Background Suicide is common in the context of depression and bipolar disorders, but there remains a lack of understanding as to how suicide ideation, a common symptom of mood disorders, progresses to suicidal behaviour. Irritability, a feature of some types of depression, is thought to contribute to the development of suicidal behaviour, but these associations are not well established.
Objective To examine the relationship between irritability and suicide ideation according to the subtype of depression expressed in patients with mood disorder.

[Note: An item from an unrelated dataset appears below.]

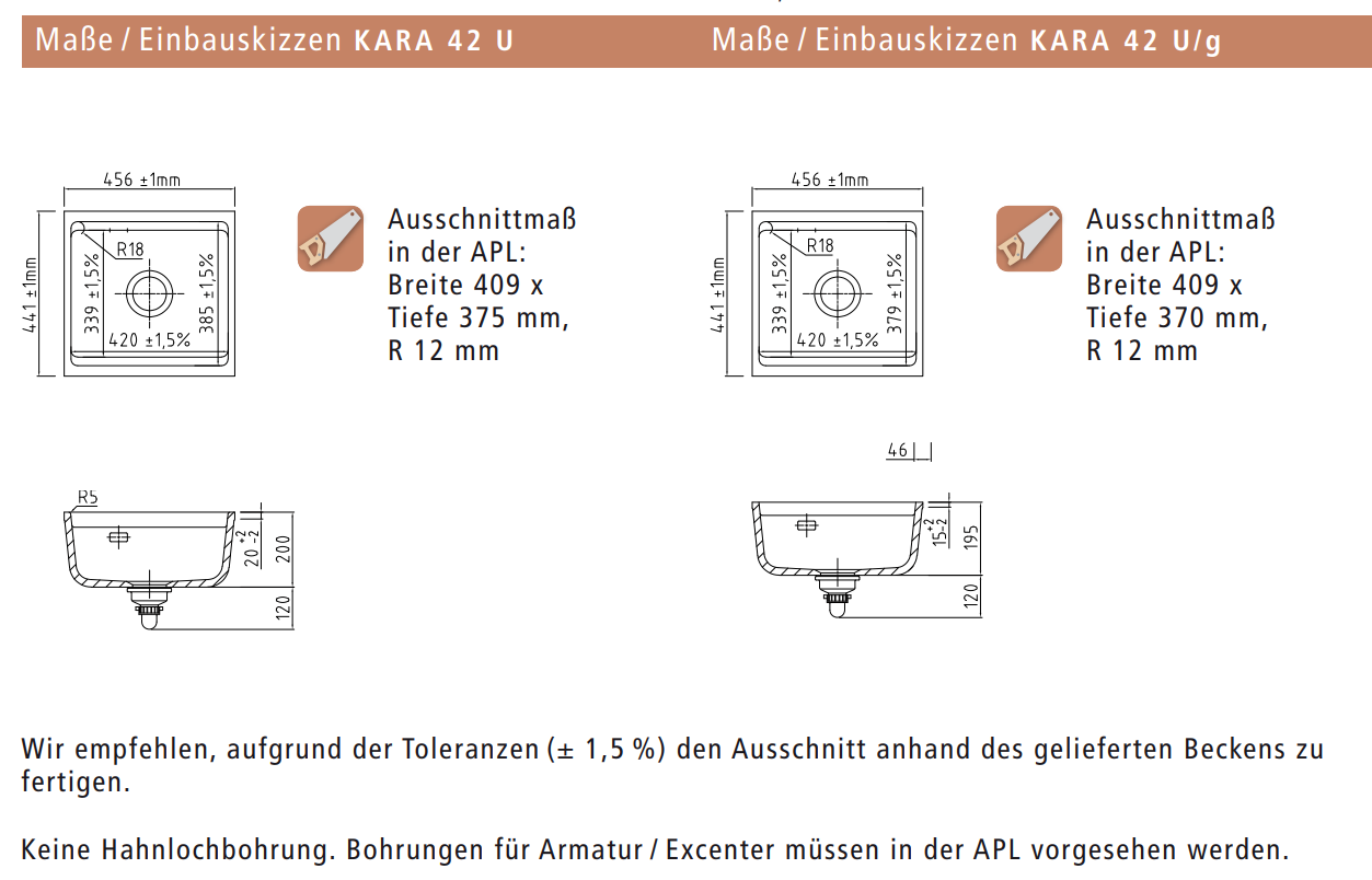 inkl. Ablaufgarnitur mit Excenterbetätigung und Drehgriff Edelstahl glänzend rund Ø 45 mm - Keine Hahnlochbohrung. Bohrungen für Armatur / Excenter müssen in der APL vorgesehen werden.

Methods 75 patients with mood disorders seen at the CADE (Clinical Assessment Diagnostic Evaluation) Clinic underwent clinical assessment for suicidal ideation (Paykel Suicide Scale), symptom severity (Young Mania Rating Scale (YMRS), Hamilton Rating Scale for Depression (HAM-D) (anxious depression), Montgomery-Åsberg Depression Rating Scale (MADRS) (melancholic depression)) and irritability (item 5 of the YMRS).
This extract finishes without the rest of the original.